Find the slope of the tangent line to the curve

[yanarains]

Find the slope of the tangent line to the curve

f(x)= 1/(1-ax)^n

at the point where x = 0.8.

With a = 9, and n = 3.
Round the answer to three decimal places.

OK, WELL I REALLY DONT THINK I EVEN KNOW HOW TO SET THIS UP BUT I WILL TRY PLEASE SOMEONE CORRECT MY MISTAKES!!!!

f(x)=[9(0.8)]^-3
f(x)=-3[9(0.8)]^-1-3
f(x)=-3[7.2]^-4
f(x)=4.59393658 ( I then will plug this number into the original equation for X)

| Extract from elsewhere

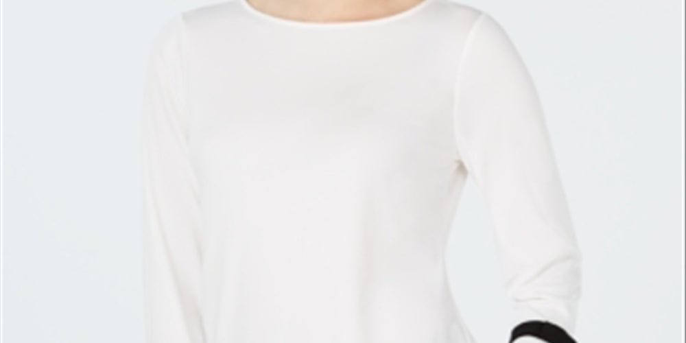 Charter Club Women's Tie Sleeve Crepe Top White Size Small

f(x)=1/[1-9(4.59393658)]^3
=-49639.21983
I know that is completely wrong but this is how I am working the problem out.
Thank again for ALL the help![/u]

 

[stapel]

I REALLY DONT THINK I EVEN KNOW HOW TO SET THIS UP

I'm sorry to hear that you missed the class session(s) where derivatives and tangent lines were covered. :shock:

f(x)=[9(0.8)]^-3

If you plug everything in, you've got a constant function, and the derivative of a constant is zero. So the above cannot be valid.

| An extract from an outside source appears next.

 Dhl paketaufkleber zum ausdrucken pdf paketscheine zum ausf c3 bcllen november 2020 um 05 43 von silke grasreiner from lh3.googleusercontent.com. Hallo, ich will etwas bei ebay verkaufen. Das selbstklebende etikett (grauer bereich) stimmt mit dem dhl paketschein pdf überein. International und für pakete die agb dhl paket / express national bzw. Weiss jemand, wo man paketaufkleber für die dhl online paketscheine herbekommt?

Find the slope of the tangent line to the curve f(x)= 1/(1-ax)^n at the point where x = 0.8, With a = 9, and n = 3.

So the function is:

. . . . .f(x) = 1 / (1 - 9x)³ = (1 - 9x)^-3

Apply the Power Rule to differentiate. You should end up with:

. . . . .f'(x) = (27) / (1 - 9x)⁴

This gives you the slope of the curve at any point (x, f(x)). Now is when you plug in 0.8 for x. Simplify to find the value of the slope m at the point.

To find the tangent line, you of course need the actual point's coordinates. So plug in 0.8 for x, and find (x, y) = (0.8, f(0.8)). Once you have the point and the slope, you can find the straight-line equation, just like you learned back in algebra. :wink:

Hope that helps!

Eliz.